● DATA FOR THIS EXERCISE
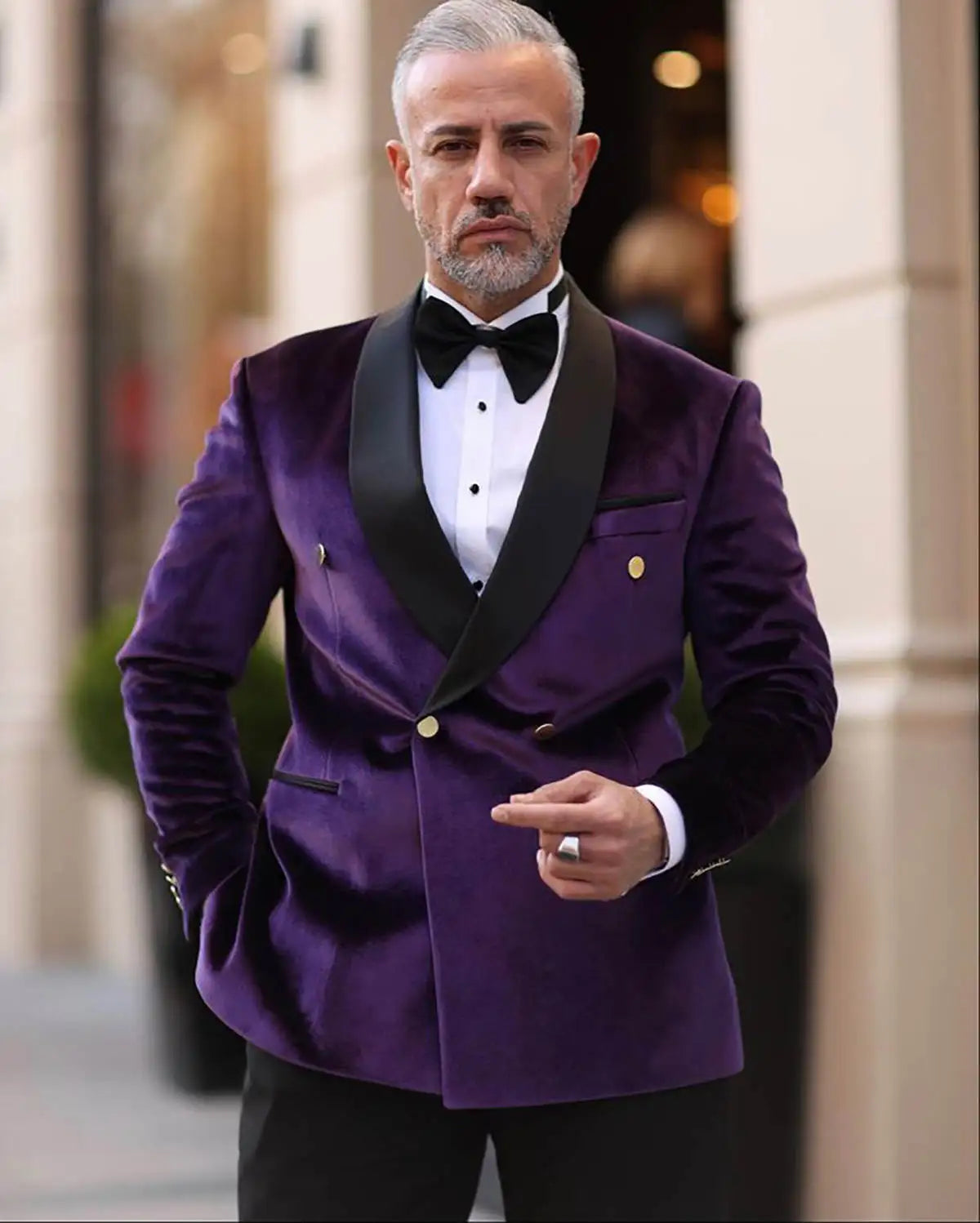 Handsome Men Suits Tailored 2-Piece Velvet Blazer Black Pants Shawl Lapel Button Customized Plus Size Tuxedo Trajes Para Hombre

...

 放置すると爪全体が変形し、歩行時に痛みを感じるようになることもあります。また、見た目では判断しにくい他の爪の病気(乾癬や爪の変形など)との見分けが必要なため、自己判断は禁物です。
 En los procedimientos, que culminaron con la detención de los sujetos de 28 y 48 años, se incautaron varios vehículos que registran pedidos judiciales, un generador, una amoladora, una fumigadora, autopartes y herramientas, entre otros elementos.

● WHAT TO DO
Out of the data above, give again only the lines starting at the one holding "放置すると爪全体が変形し、歩" and ending at the one holding "En los procedimientos, que", unchanged.

● EXERCISE RESULT
 放置すると爪全体が変形し、歩行時に痛みを感じるようになることもあります。また、見た目では判断しにくい他の爪の病気(乾癬や爪の変形など)との見分けが必要なため、自己判断は禁物です。
 En los procedimientos, que culminaron con la detención de los sujetos de 28 y 48 años, se incautaron varios vehículos que registran pedidos judiciales, un generador, una amoladora, una fumigadora, autopartes y herramientas, entre otros elementos.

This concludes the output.